++++ Input for this task ++++

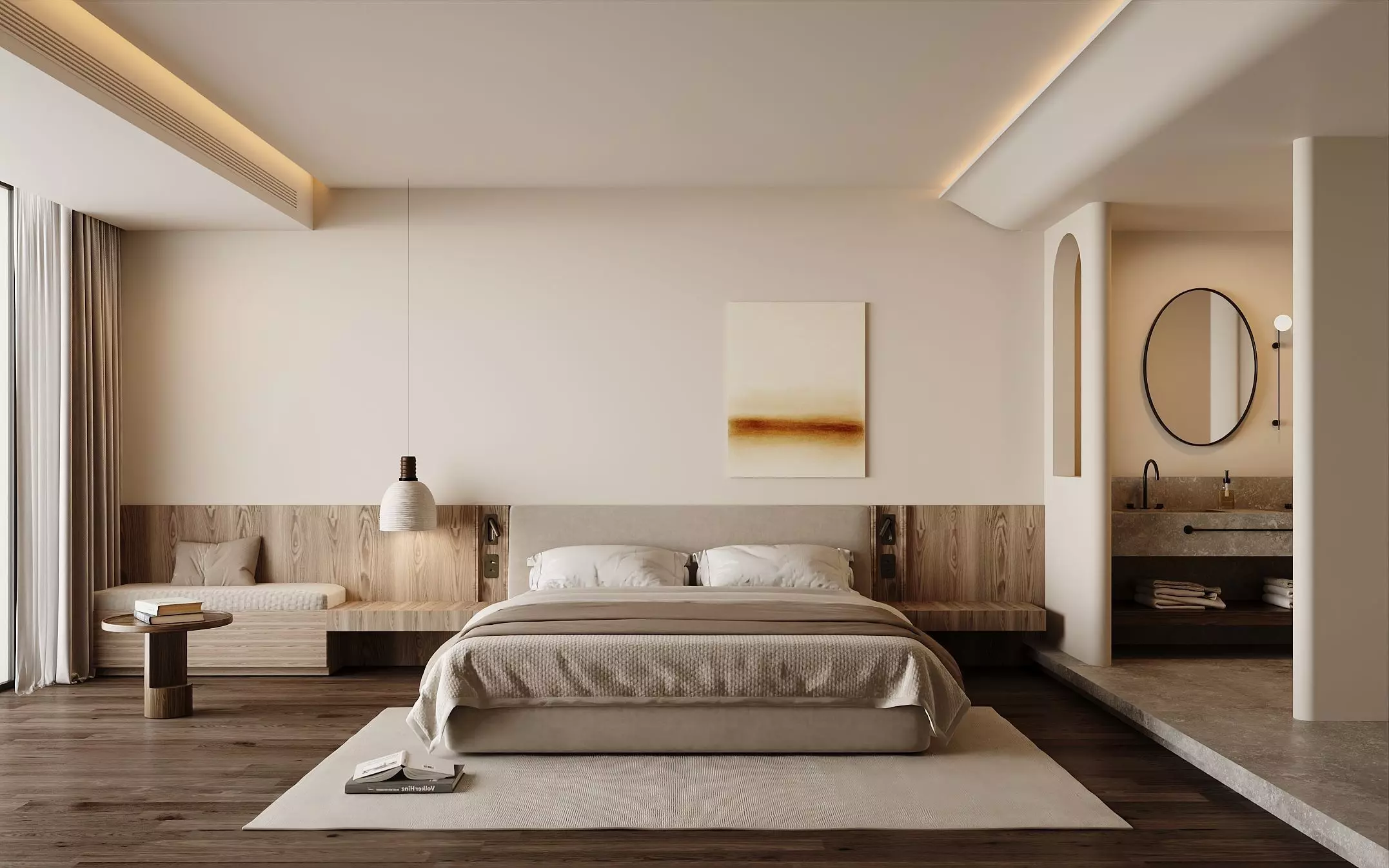 A soothing Japandi master suite designed around warm timber, soft textiles and restrained detailing. The bed sits low and generous with a padded headboard; a continuous timber headboard wall runs behind it and grows into a floating bench on the left for reading or lounging. Subtle cove lighting draws a fine line at the ceiling, while a ceramic pendant and compact reading lights add pools of glow. On the right, a half-open ensuite vanity is framed by an arched opening and a shallow step, featuring a stone basin, open shelf and round mirror—practical for lifestyle shots and cinematic camera moves.The palette is calm—oatmeal, sand and taupe—so texture does the talking: wood grain, woven bedding and a matte stone ledge. Circulation is generous on all sides of the bed; proportions are realistic for residential layouts. Multiple hero angles are available: centered frontal composition, 45-degree views toward the vanity, overhead shots emphasizing the rug, and close details of lighting and edge junctions. Use this scene to communicate hotel-level serenity with everyday usability, ideal for apartment suites, villas and hospitality proposals.
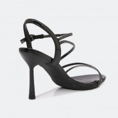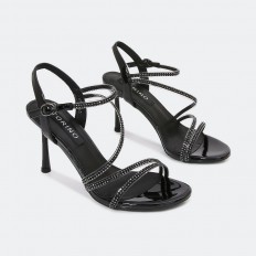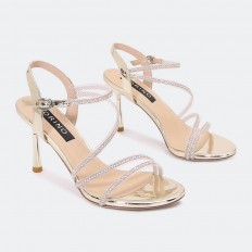 Let your look complete on important occasions with these sandals with 7 cm heels, with a distinctive design of ribbons studded with strass and an adjustable ankle strap
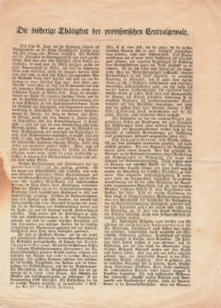 Flugblatt zur provisorischen Centralgewalt um 1848"Die bisherige Thätigkeit der provisorischen Centralgewalt ca. A4
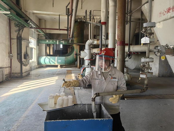她們拎著貼好標(biāo)簽的取樣瓶,快步走向鹽硝廠房的各個取樣點,回來時,取樣瓶里裝著各色各樣的樣品,有的是晶瑩剔透的液體,在瓶中輕輕晃動,泛起細(xì)碎的漣漪;有的是白色的晶體顆粒,隨著腳步的顛簸,發(fā)出“沙沙”的輕響;還有的是粘稠的漿液,掛在瓶壁上,緩緩滑落。將樣品放置在滴定檢測區(qū)的那一刻,瓶身與臺面碰撞,發(fā)出“!钡囊宦暣囗,像是為接下來的化驗工作,敲響了開場的鼓點。
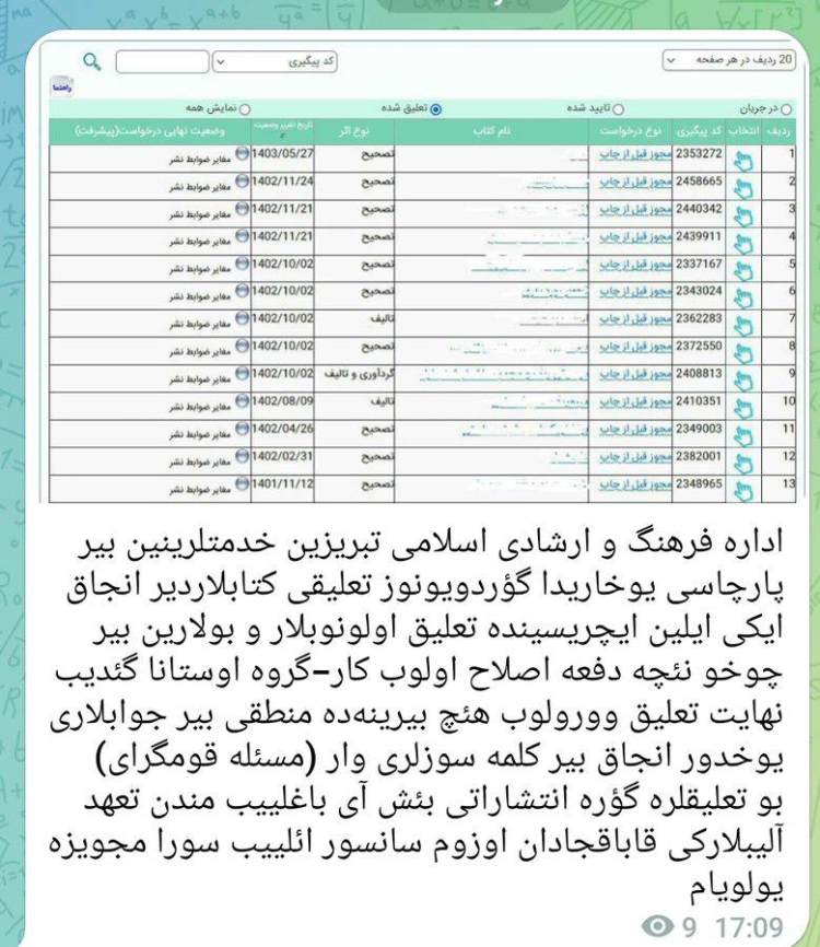 Yayınevinin düzeltmeler yapılmasına rağmen bazı kitapların iki yıldan uzun süredir basım ve yayım izni beklediğini belirttiği açıklamasında; özellikle Azerbaycan Türkçesi ile yazılmış kitapların, Bakanlık tarafından uygulanan katı sansür ve "milliyetçilik" gerekçesiyle neredeyse tamamen durma noktasına geldiği kaydedildi.
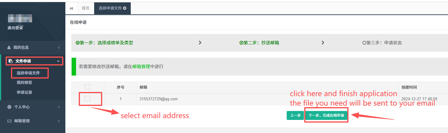 6. 选择邮箱,点击“下一步,完成在线申请”。你申请的文件将会发送到你选择的邮箱中。
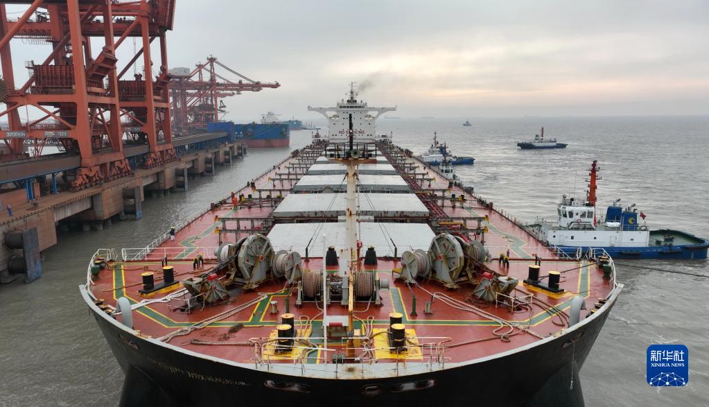 2月9日,一艘輪船在拖輪協(xié)助下向唐山港曹妃甸港區礦石碼頭靠泊(無(wú)人機照片)。
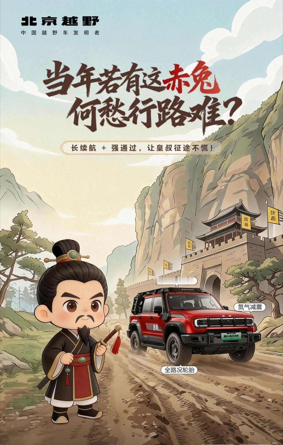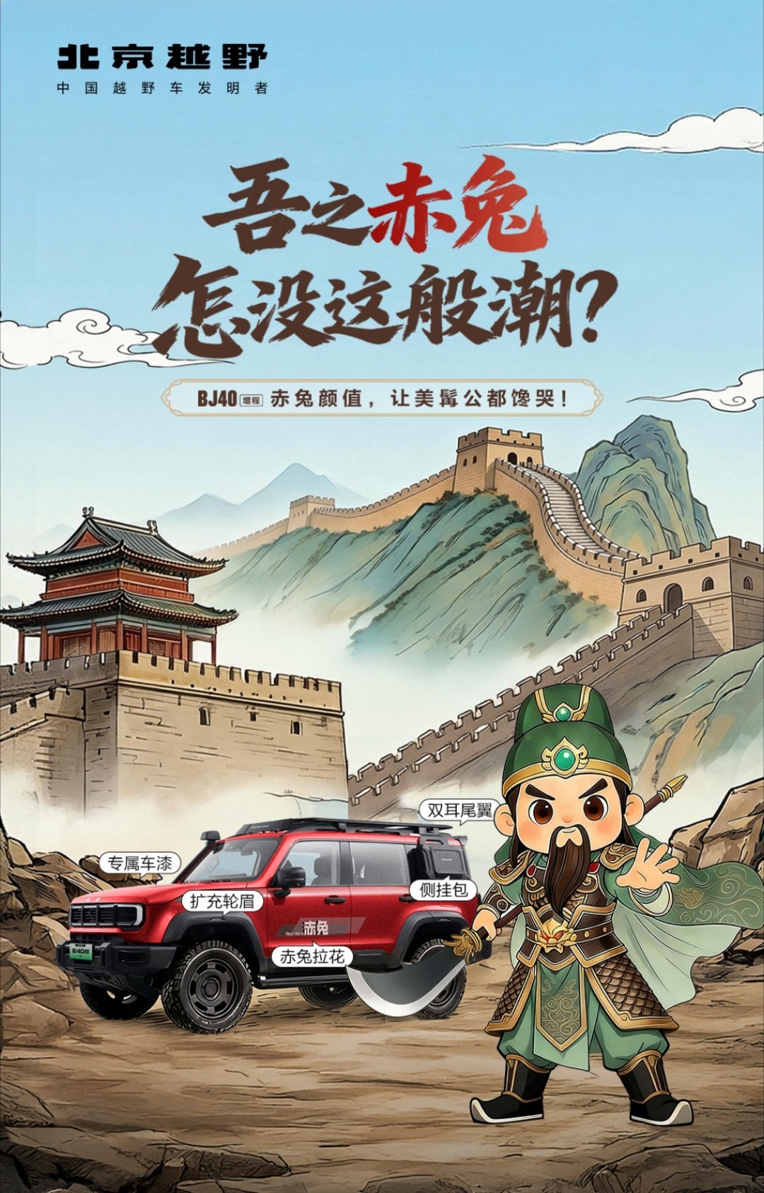 AI真会玩儿,哈哈。赤兔点兵三国名将刘关张,续航让刘备动容,颜值让关公眼红,防护让张飞安心BJ40增程赤兔版 1月27日上市暨交付
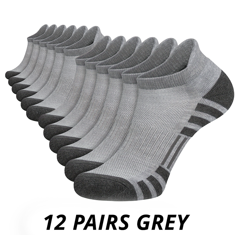 12 Pairs Men's Mesh Breathable Sports Ear Lifting Socks All Season Solid Color Low Cut Casual Mens Short Tube Socks
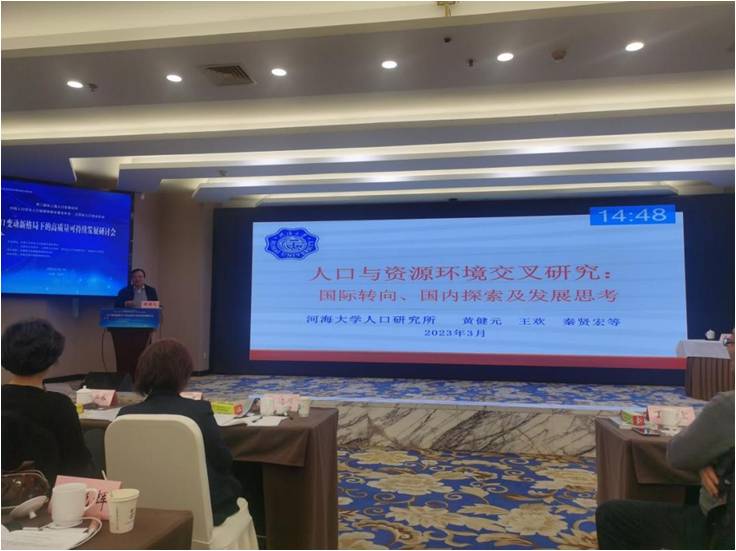 黄健元教授以《人口与资源环境交叉研究:国际转向、国内探索及发展思考》为题作大会主场报告,介绍了国内外在人口与资源环境交叉领域的研究议题以及取得的代表性成果,探析了人口与资源环境交叉研究的发展方向。
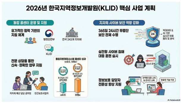 한국지역정보개발원 2026년 정보화 사업 계획 340억 이상 투입한국지역정보개발원(KLID)은 2026년도 주요 정보화 사업을 2일부터 본격 추진하며 지자체 행정 시스템의 안정적 운영과 AI 기반 행정 혁신에 나선다. KLID는 통합지방재정시스템과 지방보조금관리시스템 운영·유지관리에 184억 원을 투입해 법·제도 변화에 대응하고, 콜센터 운영을 통해 지자체 이용 지원을 강화한다. 지자체 행정정보시스템을 상시 모니터링하는 통합정보자원관리시스템을 통해 장애 대응과 기술 지원 체계도 고도화한다. AI 분야에서는 CCTV 관제지원시스템 구축 2단계 사업을 추진해 침수·산불 등 재난 상황을 자동 탐지하는 기술을 실증한다. 아울러 공영자전거, 도서관 등 생활 밀착형 데이터를 수집해 전국 단위로 개방하는 통합데이터 개방 사업도 확대한다. 공공빅데이터 표준분석모델을 정립해 지자체가 데이터를 쉽게 분석·활용할 수 있는 환경도 마련한다. 이와 함께 통합콜센터, 교육관리시스템, 내부 경영정보시스템 등 기관 운영 인프라를 안정적으로 유지한다. KLID는 각 사업에 대한 감리 용역을 병행해 품질을 확보하고, 디지털 지방정부의 안정성과 데이터 기반 행정 서비스 강화를 목표로 2026년까지 사업을 단계적으로 추진할 계획이다. |

++++

Please print out the entries above exactly. The pictures stay out.

Answer to the exercise:
 A soothing Japandi master suite designed around warm timber, soft textiles and restrained detailing. The bed sits low and generous with a padded headboard; a continuous timber headboard wall runs behind it and grows into a floating bench on the left for reading or lounging. Subtle cove lighting draws a fine line at the ceiling, while a ceramic pendant and compact reading lights add pools of glow. On the right, a half-open ensuite vanity is framed by an arched opening and a shallow step, featuring a stone basin, open shelf and round mirror—practical for lifestyle shots and cinematic camera moves.The palette is calm—oatmeal, sand and taupe—so texture does the talking: wood grain, woven bedding and a matte stone ledge. Circulation is generous on all sides of the bed; proportions are realistic for residential layouts. Multiple hero angles are available: centered frontal composition, 45-degree views toward the vanity, overhead shots emphasizing the rug, and close details of lighting and edge junctions. Use this scene to communicate hotel-level serenity with everyday usability, ideal for apartment suites, villas and hospitality proposals.
 Let your look complete on important occasions with these sandals with 7 cm heels, with a distinctive design of ribbons studded with strass and an adjustable ankle strap
 Flugblatt zur provisorischen Centralgewalt um 1848"Die bisherige Thätigkeit der provisorischen Centralgewalt ca. A4
她們拎著貼好標(biāo)簽的取樣瓶,快步走向鹽硝廠房的各個取樣點,回來時,取樣瓶里裝著各色各樣的樣品,有的是晶瑩剔透的液體,在瓶中輕輕晃動,泛起細(xì)碎的漣漪;有的是白色的晶體顆粒,隨著腳步的顛簸,發(fā)出“沙沙”的輕響;還有的是粘稠的漿液,掛在瓶壁上,緩緩滑落。將樣品放置在滴定檢測區(qū)的那一刻,瓶身與臺面碰撞,發(fā)出“!钡囊宦暣囗,像是為接下來的化驗工作,敲響了開場的鼓點。
 Yayınevinin düzeltmeler yapılmasına rağmen bazı kitapların iki yıldan uzun süredir basım ve yayım izni beklediğini belirttiği açıklamasında; özellikle Azerbaycan Türkçesi ile yazılmış kitapların, Bakanlık tarafından uygulanan katı sansür ve "milliyetçilik" gerekçesiyle neredeyse tamamen durma noktasına geldiği kaydedildi.
 6. 选择邮箱,点击“下一步,完成在线申请”。你申请的文件将会发送到你选择的邮箱中。
 2月9日,一艘輪船在拖輪協(xié)助下向唐山港曹妃甸港區礦石碼頭靠泊(無(wú)人機照片)。
 AI真会玩儿,哈哈。赤兔点兵三国名将刘关张,续航让刘备动容,颜值让关公眼红,防护让张飞安心BJ40增程赤兔版 1月27日上市暨交付
 12 Pairs Men's Mesh Breathable Sports Ear Lifting Socks All Season Solid Color Low Cut Casual Mens Short Tube Socks
 黄健元教授以《人口与资源环境交叉研究:国际转向、国内探索及发展思考》为题作大会主场报告,介绍了国内外在人口与资源环境交叉领域的研究议题以及取得的代表性成果,探析了人口与资源环境交叉研究的发展方向。
 한국지역정보개발원 2026년 정보화 사업 계획 340억 이상 투입한국지역정보개발원(KLID)은 2026년도 주요 정보화 사업을 2일부터 본격 추진하며 지자체 행정 시스템의 안정적 운영과 AI 기반 행정 혁신에 나선다. KLID는 통합지방재정시스템과 지방보조금관리시스템 운영·유지관리에 184억 원을 투입해 법·제도 변화에 대응하고, 콜센터 운영을 통해 지자체 이용 지원을 강화한다. 지자체 행정정보시스템을 상시 모니터링하는 통합정보자원관리시스템을 통해 장애 대응과 기술 지원 체계도 고도화한다. AI 분야에서는 CCTV 관제지원시스템 구축 2단계 사업을 추진해 침수·산불 등 재난 상황을 자동 탐지하는 기술을 실증한다. 아울러 공영자전거, 도서관 등 생활 밀착형 데이터를 수집해 전국 단위로 개방하는 통합데이터 개방 사업도 확대한다. 공공빅데이터 표준분석모델을 정립해 지자체가 데이터를 쉽게 분석·활용할 수 있는 환경도 마련한다. 이와 함께 통합콜센터, 교육관리시스템, 내부 경영정보시스템 등 기관 운영 인프라를 안정적으로 유지한다. KLID는 각 사업에 대한 감리 용역을 병행해 품질을 확보하고, 디지털 지방정부의 안정성과 데이터 기반 행정 서비스 강화를 목표로 2026년까지 사업을 단계적으로 추진할 계획이다. |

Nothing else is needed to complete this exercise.